À medida que a história avança, elementos narrativos são agrupados e se sabe, por exemplo, que os meninos continuaram admirando e lutando pelas meninas até o último minuto de vida de cada uma delas. Essa estrutura fragmentada – as memórias que são espaças – e de certa originalidade para contar a história das Lisbon faz de “Virgens Suicidas” um romance diferente e inteligente, com um raro amadurecimento narrativo, que é enfatizado pela jovialidade do autor. Quando tudo se junta nesse imenso mosaico, percebe-se que a trama não é apenas sobre cinco irmãs que decidiram se matar, simplesmente. Trata-se de uma história bem mais delicada e profunda, sobre paixões juvenis – a devoção desses garotos e a tristeza irremediável dessas meninas –, e a incomunicabilidade que se estabelece nessa frágil e intensa idade em relação ao mundo dos adultos. Tudo captado de forma sensível e delicada para o cinema por Sofia Coppola, em 1999, no seu filme de estreia como diretora, valorizado por uma trilha sonora arrebatadora.
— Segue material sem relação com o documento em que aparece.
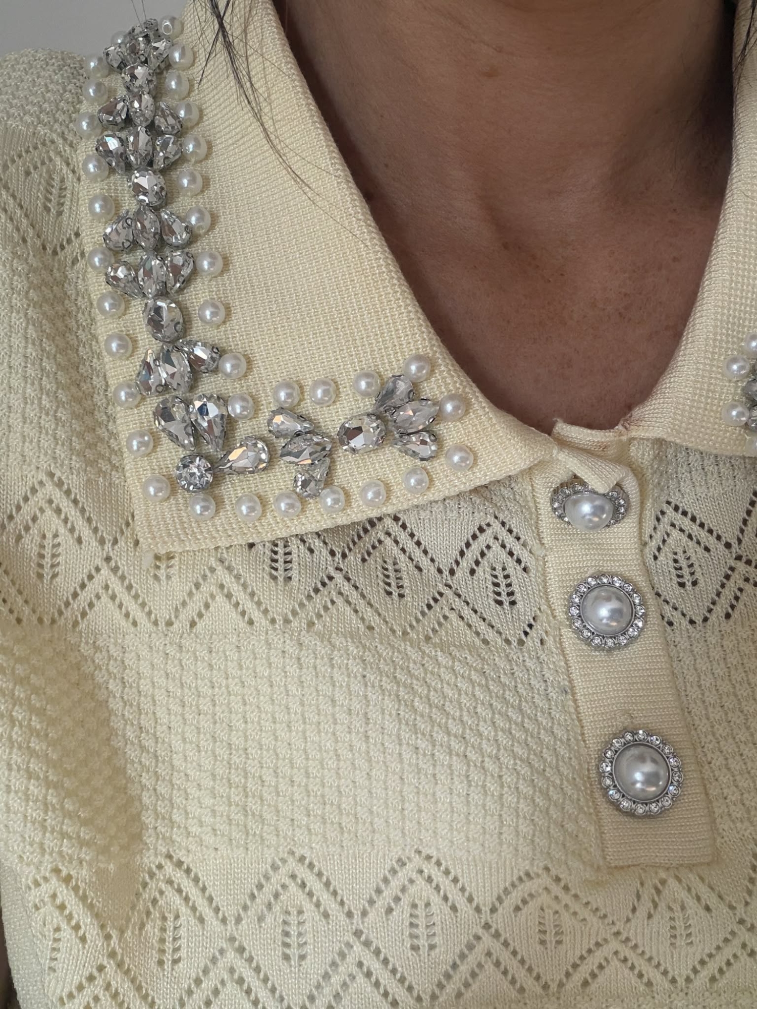 Son col polo est sublimé par de magnifiques détails en perles et strass, qui lui donnent un côté précieux et habillé.
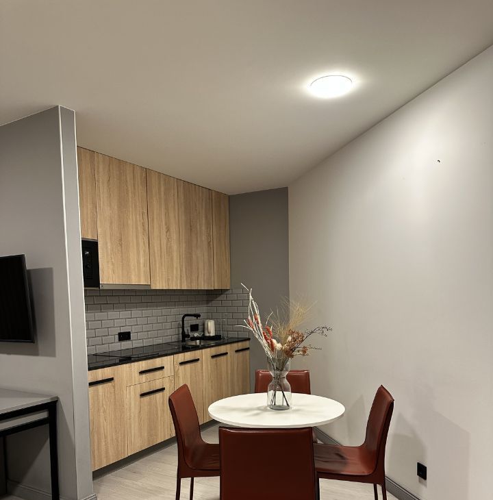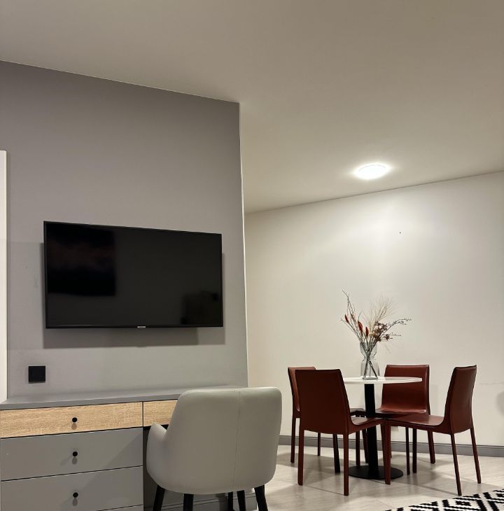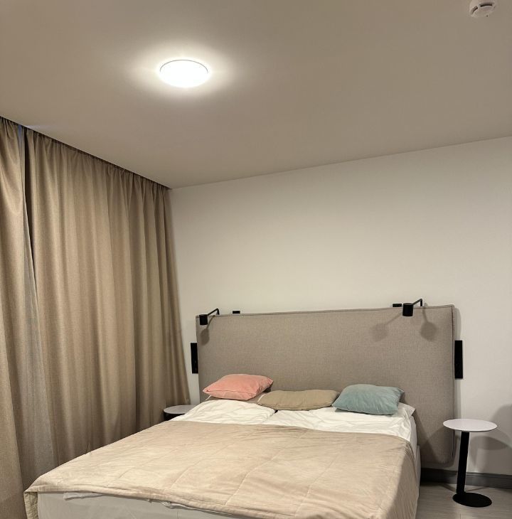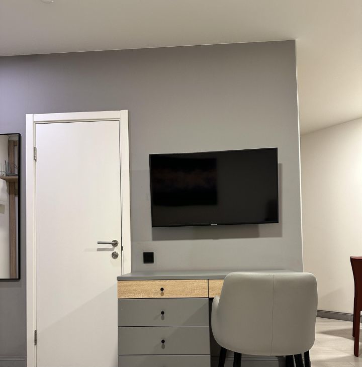 Сдаётся стильная однокомнатная студия с дизайнерским ремонтом в современном монолитном доме, со своим фуд-кортом и консьержем.
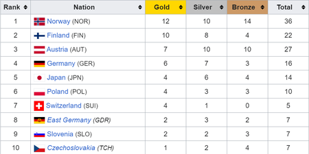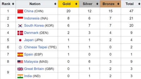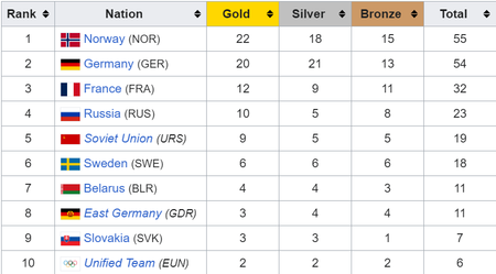 All tables sourced from Wikipedia.
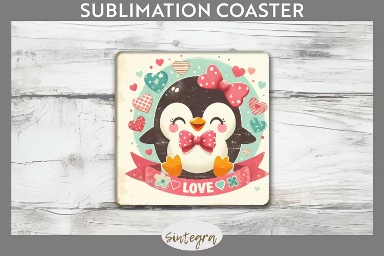 Funny Valentine Sublimation Image Sublimation Print Valentine Sublimation Coaster Template Love Penguin Valentine Sublimation Png Sublimation Coaster Square Coaster Png Sublimation Square Coaster

Jeffrey Eugenides é hoje um dos mais cultuados escritores norte-americanos, graças a esse romance que retrata a desilusão de uma geração em seu país, em uma envolvente história original, narrada por uma espécie de coro semelhante ao das tragédias gregas, como identificou a crítica. A sutileza talvez não cause grandes impactos em quem lê um acontecimento tão trágico na vida de uma família. Não há discurso contundente sobre a época que se quer tratar. Esse é o grande mérito porque certa angústia se acentua à medida que os temores e os medos dos personagens ganham mais dúvidas e conflitos do que soluções. Exatamente como no mundo real.